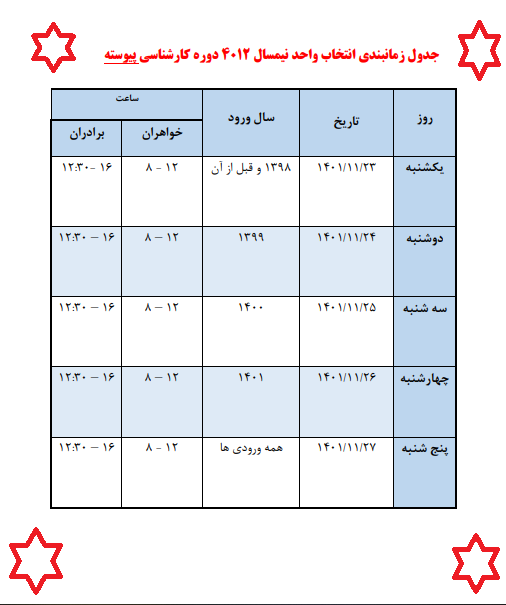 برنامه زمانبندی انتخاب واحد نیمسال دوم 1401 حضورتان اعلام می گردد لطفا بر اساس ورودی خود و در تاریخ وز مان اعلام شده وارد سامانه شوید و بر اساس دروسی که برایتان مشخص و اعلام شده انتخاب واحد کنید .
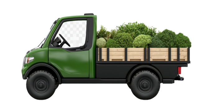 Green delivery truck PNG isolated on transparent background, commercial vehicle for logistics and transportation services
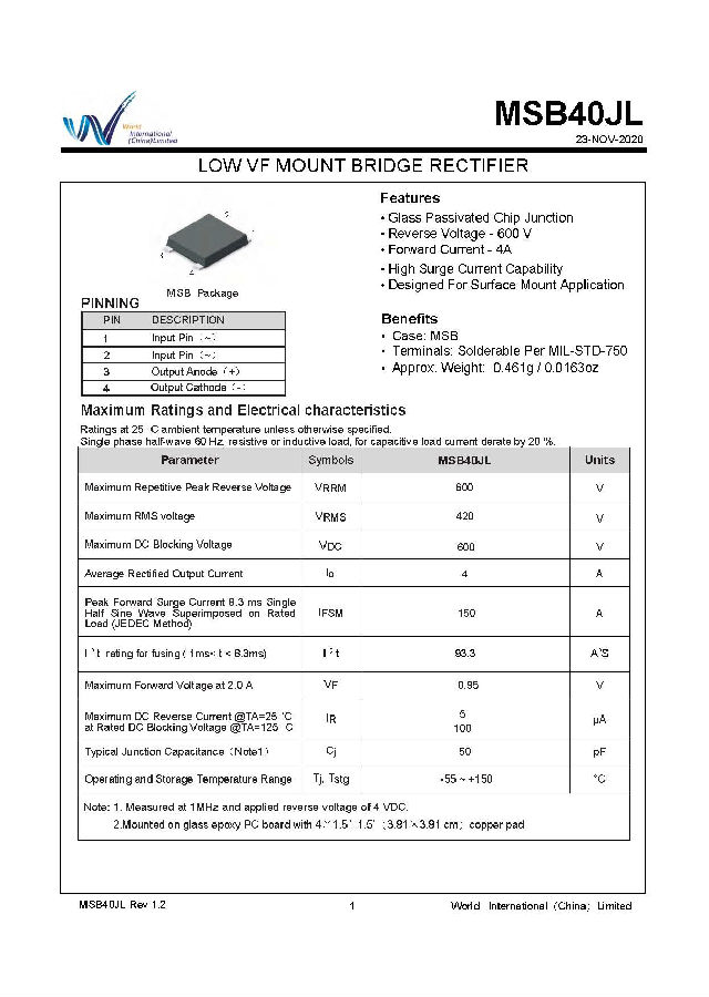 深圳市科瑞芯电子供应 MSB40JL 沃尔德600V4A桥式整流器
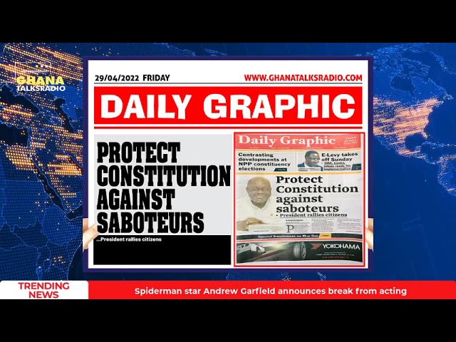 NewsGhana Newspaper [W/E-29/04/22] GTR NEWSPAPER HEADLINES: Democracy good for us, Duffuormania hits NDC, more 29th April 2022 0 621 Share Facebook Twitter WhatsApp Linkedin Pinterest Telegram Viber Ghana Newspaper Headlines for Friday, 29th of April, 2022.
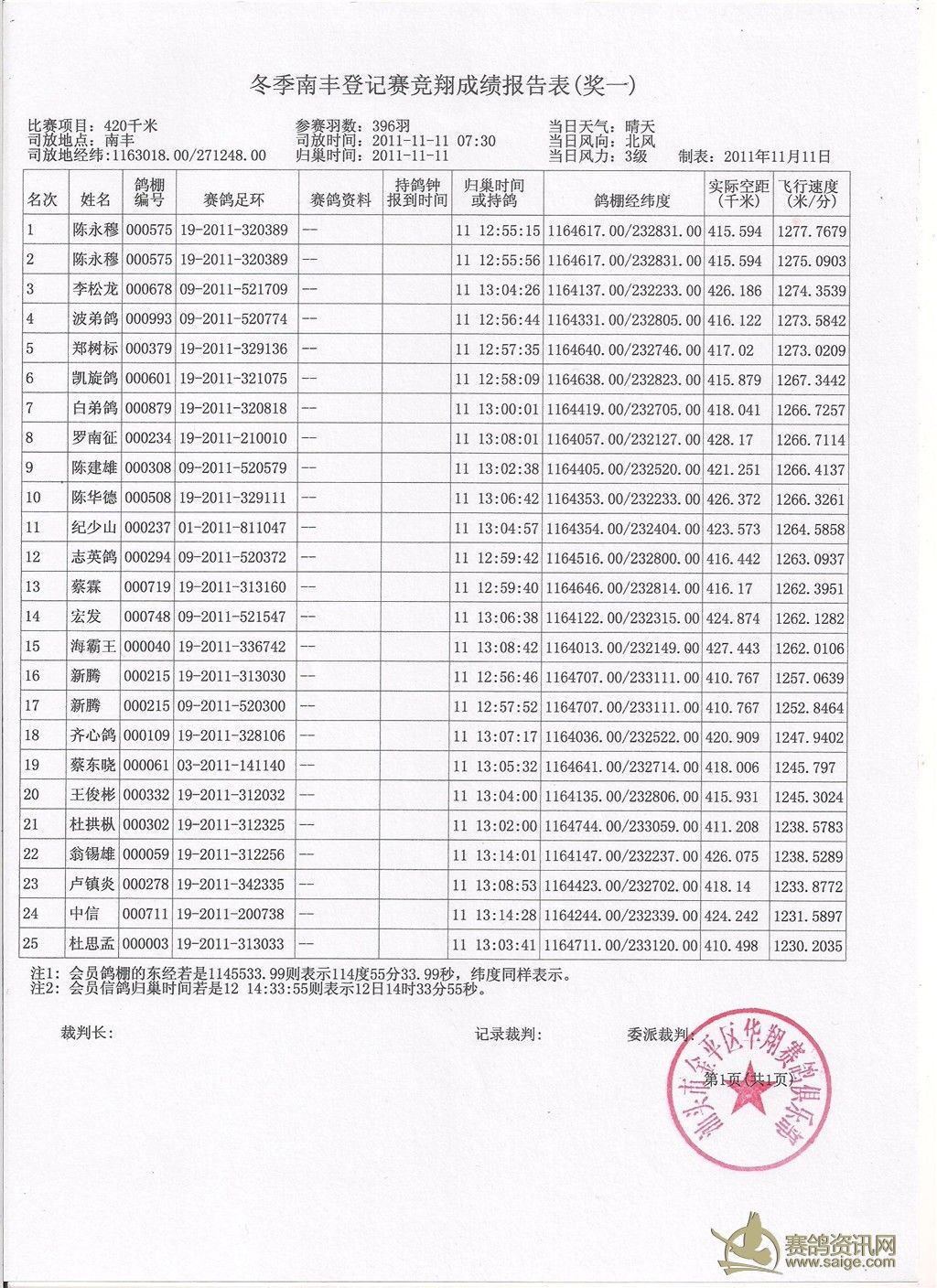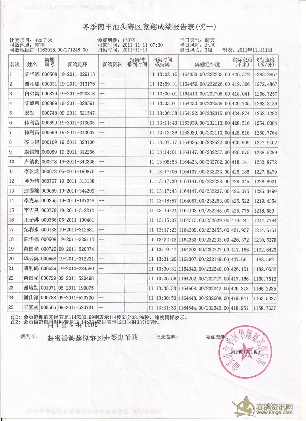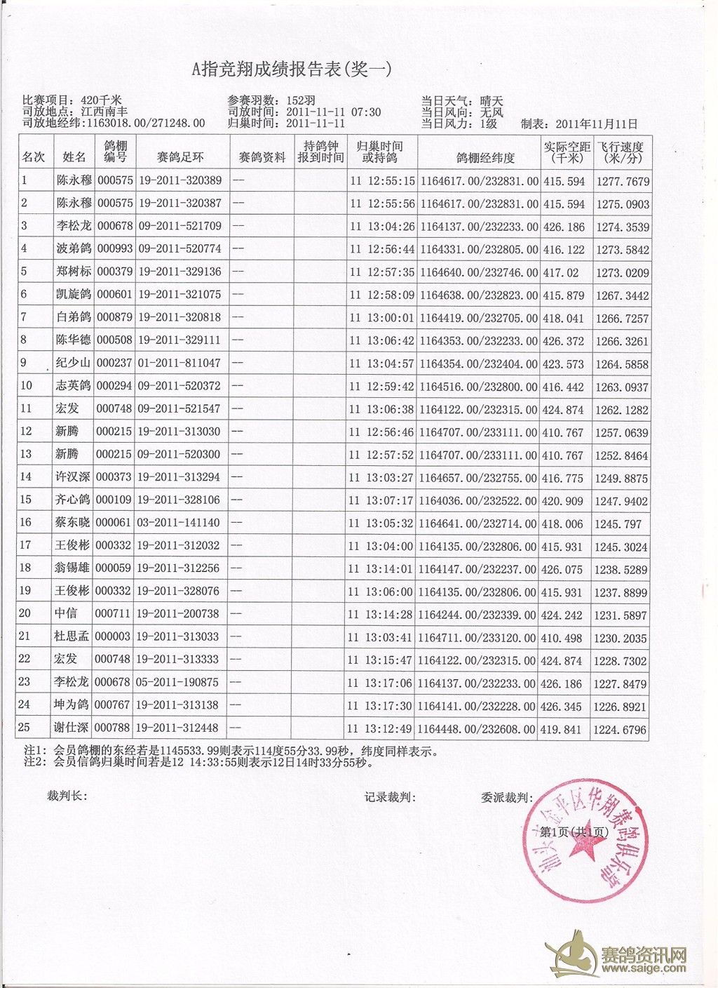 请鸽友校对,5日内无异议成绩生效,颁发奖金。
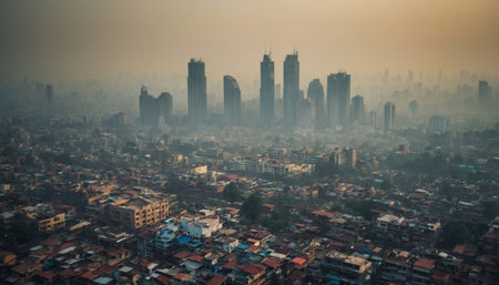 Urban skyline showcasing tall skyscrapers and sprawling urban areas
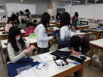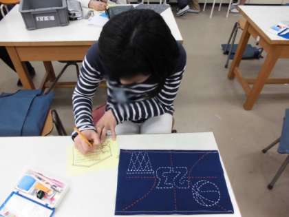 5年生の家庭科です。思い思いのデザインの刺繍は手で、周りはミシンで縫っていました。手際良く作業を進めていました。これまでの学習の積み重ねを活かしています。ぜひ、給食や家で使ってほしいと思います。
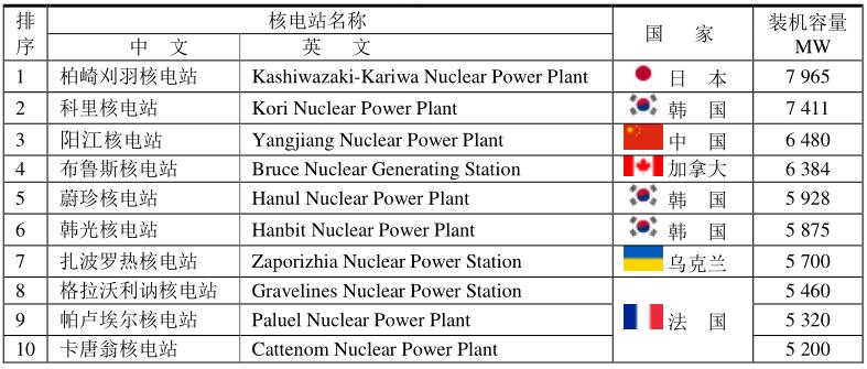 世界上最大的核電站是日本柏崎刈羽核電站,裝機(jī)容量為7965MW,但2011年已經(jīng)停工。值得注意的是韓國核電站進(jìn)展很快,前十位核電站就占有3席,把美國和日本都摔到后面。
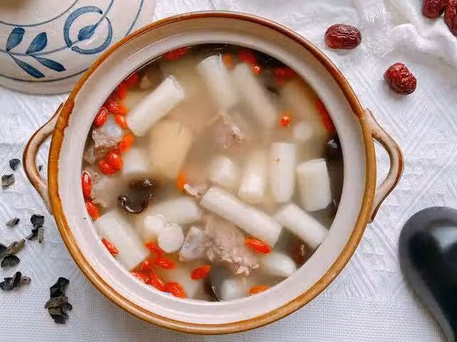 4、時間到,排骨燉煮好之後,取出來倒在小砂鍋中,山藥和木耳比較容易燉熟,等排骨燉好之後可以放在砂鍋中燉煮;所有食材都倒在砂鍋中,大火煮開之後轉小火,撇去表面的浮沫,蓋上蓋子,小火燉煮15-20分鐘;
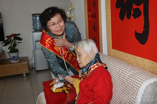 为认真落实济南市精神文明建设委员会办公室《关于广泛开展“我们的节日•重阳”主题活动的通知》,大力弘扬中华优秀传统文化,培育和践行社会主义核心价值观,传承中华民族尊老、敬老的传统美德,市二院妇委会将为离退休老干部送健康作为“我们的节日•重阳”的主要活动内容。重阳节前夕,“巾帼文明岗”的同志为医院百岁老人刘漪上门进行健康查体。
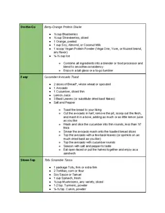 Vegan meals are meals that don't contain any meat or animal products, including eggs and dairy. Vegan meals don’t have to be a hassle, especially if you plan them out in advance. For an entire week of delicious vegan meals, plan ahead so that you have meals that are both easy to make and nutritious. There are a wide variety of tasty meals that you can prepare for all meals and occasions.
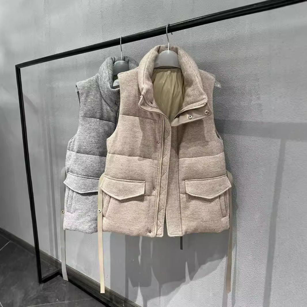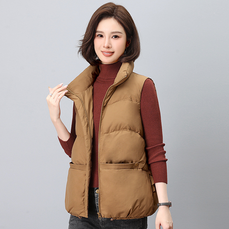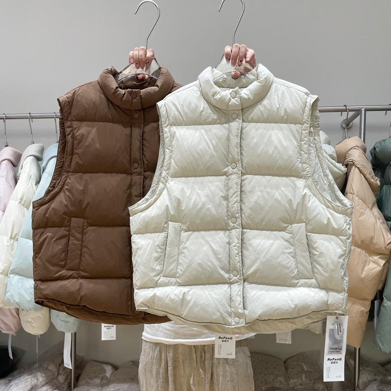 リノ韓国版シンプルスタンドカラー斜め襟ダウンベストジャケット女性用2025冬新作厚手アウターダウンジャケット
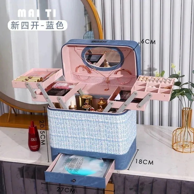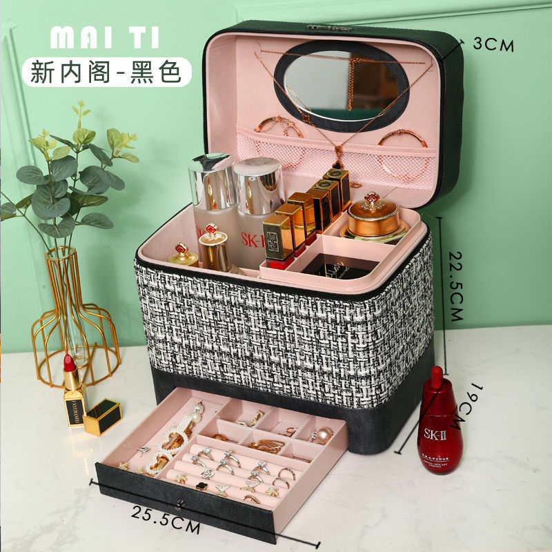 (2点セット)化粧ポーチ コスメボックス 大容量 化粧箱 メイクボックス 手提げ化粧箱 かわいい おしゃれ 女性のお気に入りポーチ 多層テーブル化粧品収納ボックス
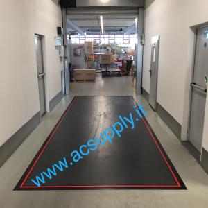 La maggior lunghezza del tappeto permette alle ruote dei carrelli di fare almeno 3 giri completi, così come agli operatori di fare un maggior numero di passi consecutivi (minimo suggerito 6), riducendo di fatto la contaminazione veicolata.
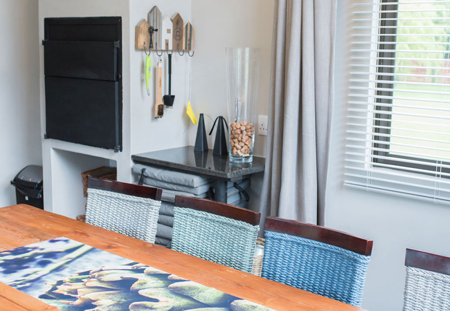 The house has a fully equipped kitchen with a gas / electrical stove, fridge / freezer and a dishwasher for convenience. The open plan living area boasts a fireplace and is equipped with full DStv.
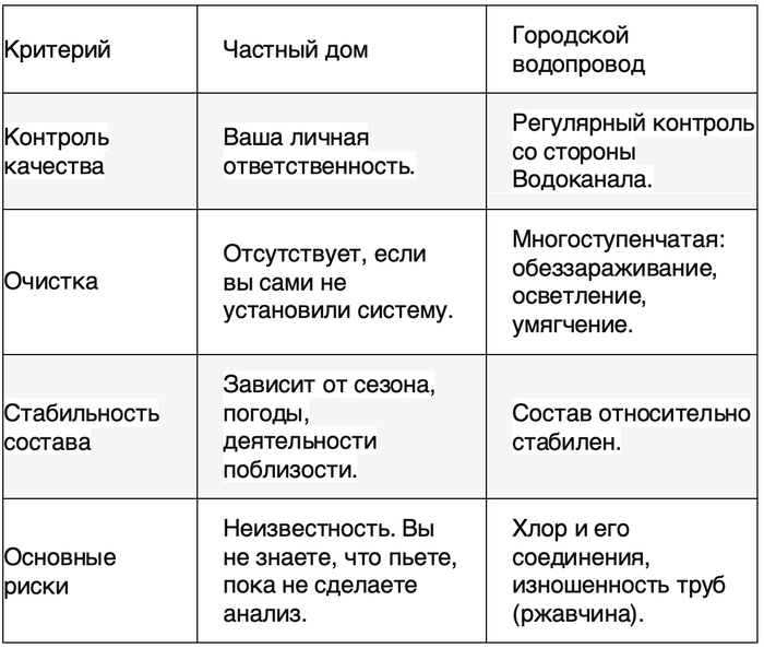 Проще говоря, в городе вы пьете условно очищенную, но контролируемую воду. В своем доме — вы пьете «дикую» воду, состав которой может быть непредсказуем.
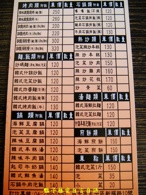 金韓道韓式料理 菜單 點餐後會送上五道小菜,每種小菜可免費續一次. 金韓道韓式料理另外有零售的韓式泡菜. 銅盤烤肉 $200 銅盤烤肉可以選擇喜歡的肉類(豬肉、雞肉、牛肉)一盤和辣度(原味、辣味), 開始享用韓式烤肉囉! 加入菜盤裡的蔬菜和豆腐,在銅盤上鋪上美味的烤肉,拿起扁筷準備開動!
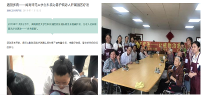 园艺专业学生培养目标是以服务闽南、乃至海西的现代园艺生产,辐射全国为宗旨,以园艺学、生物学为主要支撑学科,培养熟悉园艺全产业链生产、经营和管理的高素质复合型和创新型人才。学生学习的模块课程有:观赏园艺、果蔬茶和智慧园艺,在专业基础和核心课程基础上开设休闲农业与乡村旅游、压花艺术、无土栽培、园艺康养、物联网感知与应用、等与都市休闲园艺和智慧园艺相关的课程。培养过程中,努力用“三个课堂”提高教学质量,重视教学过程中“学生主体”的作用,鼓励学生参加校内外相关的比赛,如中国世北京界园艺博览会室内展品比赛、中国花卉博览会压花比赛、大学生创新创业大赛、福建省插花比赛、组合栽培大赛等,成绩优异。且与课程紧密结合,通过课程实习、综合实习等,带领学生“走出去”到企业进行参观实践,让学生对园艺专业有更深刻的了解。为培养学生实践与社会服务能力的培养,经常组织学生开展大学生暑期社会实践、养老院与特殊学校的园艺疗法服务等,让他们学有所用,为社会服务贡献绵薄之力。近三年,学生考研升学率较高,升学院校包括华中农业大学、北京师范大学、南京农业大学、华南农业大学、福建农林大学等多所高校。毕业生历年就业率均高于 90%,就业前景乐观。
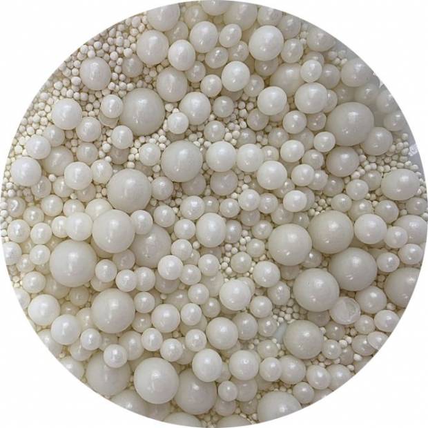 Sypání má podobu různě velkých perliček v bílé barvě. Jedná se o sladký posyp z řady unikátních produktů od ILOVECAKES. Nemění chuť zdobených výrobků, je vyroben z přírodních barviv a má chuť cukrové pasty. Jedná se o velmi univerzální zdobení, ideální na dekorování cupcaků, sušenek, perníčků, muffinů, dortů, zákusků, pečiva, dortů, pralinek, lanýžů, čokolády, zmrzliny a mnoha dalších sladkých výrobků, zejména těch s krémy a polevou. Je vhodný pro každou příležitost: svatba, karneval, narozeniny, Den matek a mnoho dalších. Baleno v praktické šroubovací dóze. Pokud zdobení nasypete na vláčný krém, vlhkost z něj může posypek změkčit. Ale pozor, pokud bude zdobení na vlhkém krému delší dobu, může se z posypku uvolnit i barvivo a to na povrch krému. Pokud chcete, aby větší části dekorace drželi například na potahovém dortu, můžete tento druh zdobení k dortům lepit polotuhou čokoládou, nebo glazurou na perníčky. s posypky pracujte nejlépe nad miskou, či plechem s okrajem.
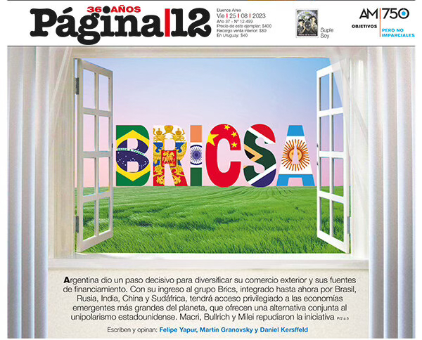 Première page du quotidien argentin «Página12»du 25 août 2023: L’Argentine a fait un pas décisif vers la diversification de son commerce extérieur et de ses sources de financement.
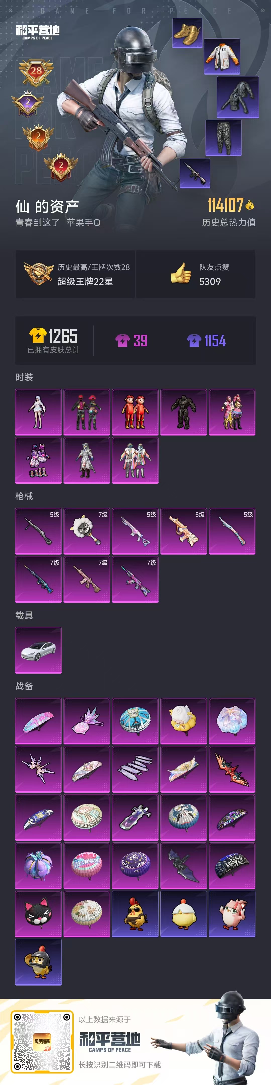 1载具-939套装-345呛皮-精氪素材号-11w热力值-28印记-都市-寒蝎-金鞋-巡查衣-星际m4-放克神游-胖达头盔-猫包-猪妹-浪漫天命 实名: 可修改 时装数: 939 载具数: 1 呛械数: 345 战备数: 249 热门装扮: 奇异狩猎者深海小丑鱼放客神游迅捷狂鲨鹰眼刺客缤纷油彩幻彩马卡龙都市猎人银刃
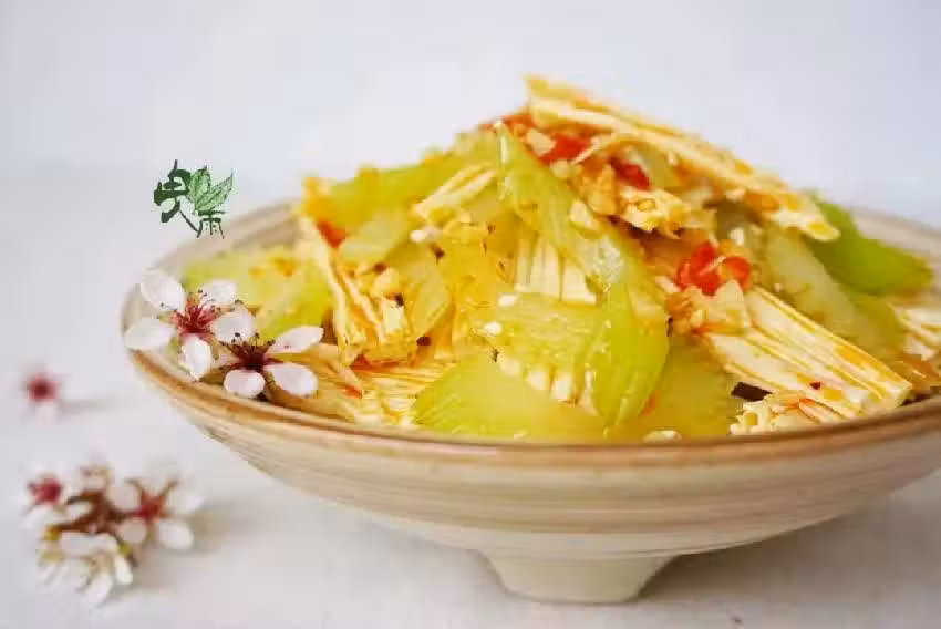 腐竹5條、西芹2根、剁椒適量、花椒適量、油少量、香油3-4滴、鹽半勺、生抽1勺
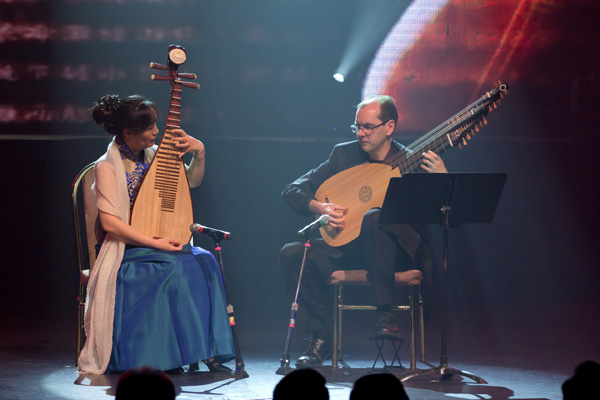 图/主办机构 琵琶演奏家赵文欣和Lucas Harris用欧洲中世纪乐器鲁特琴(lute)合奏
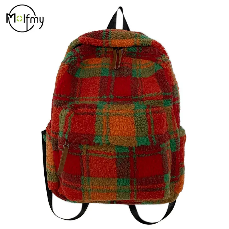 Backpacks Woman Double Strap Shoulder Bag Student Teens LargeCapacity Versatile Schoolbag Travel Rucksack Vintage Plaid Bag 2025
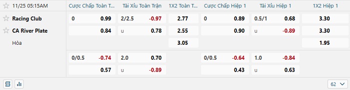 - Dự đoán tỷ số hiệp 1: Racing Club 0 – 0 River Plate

######

| Work item |
Using the records above, print exactly the lines between the ones containing "4、時間到,排骨燉煮好之後,取出來倒在小" and "为认真落实济南市精神文明建设", inclusive, and nothing else; no pictures.

| Expected output |
 4、時間到,排骨燉煮好之後,取出來倒在小砂鍋中,山藥和木耳比較容易燉熟,等排骨燉好之後可以放在砂鍋中燉煮;所有食材都倒在砂鍋中,大火煮開之後轉小火,撇去表面的浮沫,蓋上蓋子,小火燉煮15-20分鐘;
 为认真落实济南市精神文明建设委员会办公室《关于广泛开展“我们的节日•重阳”主题活动的通知》,大力弘扬中华优秀传统文化,培育和践行社会主义核心价值观,传承中华民族尊老、敬老的传统美德,市二院妇委会将为离退休老干部送健康作为“我们的节日•重阳”的主要活动内容。重阳节前夕,“巾帼文明岗”的同志为医院百岁老人刘漪上门进行健康查体。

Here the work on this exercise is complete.